Collected data entries:
..............................
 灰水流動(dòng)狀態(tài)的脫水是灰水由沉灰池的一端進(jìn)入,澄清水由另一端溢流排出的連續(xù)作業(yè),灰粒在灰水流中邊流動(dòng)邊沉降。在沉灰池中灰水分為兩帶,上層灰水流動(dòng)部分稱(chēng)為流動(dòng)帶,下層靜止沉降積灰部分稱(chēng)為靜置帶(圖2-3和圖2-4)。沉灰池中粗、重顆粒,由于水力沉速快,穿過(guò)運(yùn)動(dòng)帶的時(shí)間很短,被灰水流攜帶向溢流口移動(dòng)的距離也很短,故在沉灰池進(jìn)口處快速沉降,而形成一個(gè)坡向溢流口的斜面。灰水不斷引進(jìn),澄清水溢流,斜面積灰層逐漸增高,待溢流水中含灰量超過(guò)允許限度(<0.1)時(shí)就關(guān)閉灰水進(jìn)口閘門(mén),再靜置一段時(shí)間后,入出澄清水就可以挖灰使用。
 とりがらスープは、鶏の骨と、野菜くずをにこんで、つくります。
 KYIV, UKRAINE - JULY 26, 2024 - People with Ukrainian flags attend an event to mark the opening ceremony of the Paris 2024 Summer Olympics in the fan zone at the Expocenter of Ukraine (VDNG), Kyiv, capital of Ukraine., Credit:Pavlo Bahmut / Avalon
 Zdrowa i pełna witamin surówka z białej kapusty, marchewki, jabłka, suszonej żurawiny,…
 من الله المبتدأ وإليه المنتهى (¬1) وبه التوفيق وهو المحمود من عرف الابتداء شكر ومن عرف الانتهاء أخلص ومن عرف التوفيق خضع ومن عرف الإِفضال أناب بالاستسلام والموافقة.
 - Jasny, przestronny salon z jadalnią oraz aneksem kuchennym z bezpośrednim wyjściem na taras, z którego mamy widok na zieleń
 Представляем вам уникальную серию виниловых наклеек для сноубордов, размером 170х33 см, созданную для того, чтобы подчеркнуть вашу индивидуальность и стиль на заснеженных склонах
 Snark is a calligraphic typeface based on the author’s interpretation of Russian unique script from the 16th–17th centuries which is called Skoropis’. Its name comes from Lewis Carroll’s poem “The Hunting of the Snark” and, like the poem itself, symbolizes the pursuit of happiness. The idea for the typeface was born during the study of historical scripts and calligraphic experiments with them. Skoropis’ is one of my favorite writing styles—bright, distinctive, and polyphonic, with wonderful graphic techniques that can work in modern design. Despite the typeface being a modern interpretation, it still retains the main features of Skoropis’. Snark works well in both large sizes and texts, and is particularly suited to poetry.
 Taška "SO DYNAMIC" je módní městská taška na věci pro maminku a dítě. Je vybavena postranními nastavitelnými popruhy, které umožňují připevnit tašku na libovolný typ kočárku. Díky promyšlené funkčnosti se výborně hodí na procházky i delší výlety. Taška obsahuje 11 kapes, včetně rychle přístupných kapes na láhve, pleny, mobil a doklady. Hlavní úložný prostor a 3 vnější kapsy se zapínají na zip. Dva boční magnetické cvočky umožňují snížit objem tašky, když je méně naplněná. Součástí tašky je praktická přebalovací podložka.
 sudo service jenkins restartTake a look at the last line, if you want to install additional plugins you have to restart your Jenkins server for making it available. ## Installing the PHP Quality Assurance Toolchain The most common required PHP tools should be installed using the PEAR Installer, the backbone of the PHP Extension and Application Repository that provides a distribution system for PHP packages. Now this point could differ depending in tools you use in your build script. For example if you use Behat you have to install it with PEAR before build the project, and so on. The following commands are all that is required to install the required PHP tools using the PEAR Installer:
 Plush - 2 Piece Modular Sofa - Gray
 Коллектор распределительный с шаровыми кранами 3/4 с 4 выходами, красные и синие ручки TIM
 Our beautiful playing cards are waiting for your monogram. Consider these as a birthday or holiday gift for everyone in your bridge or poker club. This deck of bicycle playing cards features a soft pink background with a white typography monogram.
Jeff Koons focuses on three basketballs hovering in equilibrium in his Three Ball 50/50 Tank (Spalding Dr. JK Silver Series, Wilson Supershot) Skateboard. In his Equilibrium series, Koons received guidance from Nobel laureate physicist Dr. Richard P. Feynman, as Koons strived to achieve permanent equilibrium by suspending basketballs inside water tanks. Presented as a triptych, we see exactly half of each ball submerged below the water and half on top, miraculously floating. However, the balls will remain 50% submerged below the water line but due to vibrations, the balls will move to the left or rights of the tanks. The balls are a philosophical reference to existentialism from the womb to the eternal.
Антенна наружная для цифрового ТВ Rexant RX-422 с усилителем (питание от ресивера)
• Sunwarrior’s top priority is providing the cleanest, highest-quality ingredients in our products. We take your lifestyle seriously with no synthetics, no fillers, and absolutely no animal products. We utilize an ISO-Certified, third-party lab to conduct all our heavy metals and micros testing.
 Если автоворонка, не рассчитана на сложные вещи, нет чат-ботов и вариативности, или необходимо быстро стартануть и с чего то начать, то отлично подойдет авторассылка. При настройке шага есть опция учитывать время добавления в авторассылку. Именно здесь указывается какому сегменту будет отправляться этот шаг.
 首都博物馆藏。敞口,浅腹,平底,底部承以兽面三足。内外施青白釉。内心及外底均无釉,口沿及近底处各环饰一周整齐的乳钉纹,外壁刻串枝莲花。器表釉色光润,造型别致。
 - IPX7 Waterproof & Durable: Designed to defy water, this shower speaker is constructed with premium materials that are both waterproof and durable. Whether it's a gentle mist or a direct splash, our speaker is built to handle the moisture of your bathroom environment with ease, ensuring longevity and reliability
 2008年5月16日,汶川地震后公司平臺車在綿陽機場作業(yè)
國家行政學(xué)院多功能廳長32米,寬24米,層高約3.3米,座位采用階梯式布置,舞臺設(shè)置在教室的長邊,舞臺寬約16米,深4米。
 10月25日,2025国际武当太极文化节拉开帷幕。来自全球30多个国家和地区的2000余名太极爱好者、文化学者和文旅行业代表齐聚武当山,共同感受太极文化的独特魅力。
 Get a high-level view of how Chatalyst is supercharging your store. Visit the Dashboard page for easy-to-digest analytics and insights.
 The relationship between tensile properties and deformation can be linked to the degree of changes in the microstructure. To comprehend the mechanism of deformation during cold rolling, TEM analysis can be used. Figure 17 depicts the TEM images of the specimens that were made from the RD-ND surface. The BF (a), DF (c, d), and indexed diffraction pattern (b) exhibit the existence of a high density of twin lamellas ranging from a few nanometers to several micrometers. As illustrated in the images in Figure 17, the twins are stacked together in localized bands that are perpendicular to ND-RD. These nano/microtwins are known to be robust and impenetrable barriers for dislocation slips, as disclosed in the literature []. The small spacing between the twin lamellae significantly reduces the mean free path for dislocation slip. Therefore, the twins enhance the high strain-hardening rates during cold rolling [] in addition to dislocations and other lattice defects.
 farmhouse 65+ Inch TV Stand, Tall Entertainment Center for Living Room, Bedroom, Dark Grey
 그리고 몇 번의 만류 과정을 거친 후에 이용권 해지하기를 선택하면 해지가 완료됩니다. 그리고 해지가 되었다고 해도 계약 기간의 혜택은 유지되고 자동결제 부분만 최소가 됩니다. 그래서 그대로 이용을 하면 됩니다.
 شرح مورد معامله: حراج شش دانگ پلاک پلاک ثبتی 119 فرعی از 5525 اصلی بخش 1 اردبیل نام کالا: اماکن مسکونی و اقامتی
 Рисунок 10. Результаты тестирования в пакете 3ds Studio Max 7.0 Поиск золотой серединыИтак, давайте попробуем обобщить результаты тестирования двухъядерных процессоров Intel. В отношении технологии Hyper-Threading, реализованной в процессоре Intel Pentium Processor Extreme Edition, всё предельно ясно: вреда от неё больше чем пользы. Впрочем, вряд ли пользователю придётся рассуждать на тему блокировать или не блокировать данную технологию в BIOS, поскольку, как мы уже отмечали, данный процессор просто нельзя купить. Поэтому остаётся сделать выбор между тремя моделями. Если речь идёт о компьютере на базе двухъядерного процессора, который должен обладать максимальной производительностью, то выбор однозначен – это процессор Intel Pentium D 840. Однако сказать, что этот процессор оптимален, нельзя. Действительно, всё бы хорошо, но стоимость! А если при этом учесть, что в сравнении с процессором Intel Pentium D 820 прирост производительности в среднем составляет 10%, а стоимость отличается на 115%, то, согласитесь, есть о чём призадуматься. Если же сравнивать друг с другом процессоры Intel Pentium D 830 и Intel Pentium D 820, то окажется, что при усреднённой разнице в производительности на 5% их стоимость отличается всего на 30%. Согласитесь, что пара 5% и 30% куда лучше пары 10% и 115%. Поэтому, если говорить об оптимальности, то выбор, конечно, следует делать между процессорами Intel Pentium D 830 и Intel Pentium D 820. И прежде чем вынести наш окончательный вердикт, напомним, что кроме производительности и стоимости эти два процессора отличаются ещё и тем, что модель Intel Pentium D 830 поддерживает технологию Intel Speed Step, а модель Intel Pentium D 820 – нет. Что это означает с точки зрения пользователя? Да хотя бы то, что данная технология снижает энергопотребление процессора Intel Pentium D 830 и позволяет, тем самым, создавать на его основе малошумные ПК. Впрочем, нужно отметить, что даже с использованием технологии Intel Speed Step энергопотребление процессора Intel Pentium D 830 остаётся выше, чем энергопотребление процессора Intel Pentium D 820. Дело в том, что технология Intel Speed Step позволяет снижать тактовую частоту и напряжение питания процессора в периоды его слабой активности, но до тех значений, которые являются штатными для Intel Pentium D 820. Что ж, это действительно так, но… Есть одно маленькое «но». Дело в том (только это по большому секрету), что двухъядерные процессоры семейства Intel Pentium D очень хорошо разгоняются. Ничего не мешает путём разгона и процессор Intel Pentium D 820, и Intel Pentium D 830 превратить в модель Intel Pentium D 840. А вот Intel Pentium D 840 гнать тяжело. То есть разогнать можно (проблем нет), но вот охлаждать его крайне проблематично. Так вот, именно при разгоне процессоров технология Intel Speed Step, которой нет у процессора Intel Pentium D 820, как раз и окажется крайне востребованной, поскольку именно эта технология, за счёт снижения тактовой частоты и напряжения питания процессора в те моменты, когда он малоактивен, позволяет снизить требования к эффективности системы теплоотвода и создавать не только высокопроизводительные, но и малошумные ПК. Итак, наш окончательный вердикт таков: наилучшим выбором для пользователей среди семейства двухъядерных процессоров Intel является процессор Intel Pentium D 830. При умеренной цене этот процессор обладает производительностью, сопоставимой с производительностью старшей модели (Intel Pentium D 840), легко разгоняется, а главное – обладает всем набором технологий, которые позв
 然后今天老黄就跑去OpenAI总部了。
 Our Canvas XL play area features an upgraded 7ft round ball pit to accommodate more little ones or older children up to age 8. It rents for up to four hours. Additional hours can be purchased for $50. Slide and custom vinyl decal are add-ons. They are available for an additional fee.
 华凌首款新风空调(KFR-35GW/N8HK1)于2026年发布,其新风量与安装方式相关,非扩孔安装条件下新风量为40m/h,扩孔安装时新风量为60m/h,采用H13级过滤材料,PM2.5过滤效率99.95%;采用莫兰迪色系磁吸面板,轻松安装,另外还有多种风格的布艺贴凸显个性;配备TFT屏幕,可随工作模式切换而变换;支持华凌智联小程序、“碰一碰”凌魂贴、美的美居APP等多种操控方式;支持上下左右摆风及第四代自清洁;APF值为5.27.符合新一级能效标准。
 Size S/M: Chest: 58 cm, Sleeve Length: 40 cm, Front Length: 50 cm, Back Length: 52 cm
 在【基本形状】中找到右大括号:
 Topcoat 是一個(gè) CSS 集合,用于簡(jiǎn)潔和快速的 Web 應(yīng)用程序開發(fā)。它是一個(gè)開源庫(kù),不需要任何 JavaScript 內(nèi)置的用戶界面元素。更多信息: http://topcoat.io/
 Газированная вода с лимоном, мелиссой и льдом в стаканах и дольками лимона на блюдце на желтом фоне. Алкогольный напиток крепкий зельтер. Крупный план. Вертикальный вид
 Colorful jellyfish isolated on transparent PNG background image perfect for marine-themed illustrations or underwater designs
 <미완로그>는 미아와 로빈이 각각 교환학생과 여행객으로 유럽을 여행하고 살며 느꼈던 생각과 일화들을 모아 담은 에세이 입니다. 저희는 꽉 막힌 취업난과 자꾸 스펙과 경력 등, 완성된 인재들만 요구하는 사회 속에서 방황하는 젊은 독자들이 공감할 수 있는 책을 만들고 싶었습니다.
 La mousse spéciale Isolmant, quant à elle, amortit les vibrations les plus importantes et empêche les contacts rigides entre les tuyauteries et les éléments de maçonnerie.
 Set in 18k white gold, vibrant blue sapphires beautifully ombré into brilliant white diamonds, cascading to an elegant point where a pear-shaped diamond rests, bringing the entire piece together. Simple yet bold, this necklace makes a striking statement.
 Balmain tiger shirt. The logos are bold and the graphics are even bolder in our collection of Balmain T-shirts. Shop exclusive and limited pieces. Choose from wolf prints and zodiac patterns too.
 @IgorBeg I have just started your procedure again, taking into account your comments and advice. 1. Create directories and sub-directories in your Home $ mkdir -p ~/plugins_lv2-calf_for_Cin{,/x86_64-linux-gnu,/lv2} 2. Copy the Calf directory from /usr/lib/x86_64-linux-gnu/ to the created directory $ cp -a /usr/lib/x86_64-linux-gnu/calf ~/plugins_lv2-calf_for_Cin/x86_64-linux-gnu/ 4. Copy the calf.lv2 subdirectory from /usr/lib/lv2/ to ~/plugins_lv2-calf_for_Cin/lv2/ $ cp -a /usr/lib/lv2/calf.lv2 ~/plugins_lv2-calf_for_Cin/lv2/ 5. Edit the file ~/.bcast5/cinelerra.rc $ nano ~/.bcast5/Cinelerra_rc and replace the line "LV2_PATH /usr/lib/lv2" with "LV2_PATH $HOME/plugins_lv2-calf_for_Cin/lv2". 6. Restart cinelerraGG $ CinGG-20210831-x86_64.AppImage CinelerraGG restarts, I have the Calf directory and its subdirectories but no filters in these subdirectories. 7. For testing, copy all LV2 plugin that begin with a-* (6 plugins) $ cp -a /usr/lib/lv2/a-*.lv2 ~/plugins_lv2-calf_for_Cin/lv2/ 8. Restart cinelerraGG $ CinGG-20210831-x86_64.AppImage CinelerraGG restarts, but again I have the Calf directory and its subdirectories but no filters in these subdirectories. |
..............................
The task:
Find the word "bold" in the entries above, then copy each line that holds it.

Task response:
 Set in 18k white gold, vibrant blue sapphires beautifully ombré into brilliant white diamonds, cascading to an elegant point where a pear-shaped diamond rests, bringing the entire piece together. Simple yet bold, this necklace makes a striking statement.
 Balmain tiger shirt. The logos are bold and the graphics are even bolder in our collection of Balmain T-shirts. Shop exclusive and limited pieces. Choose from wolf prints and zodiac patterns too.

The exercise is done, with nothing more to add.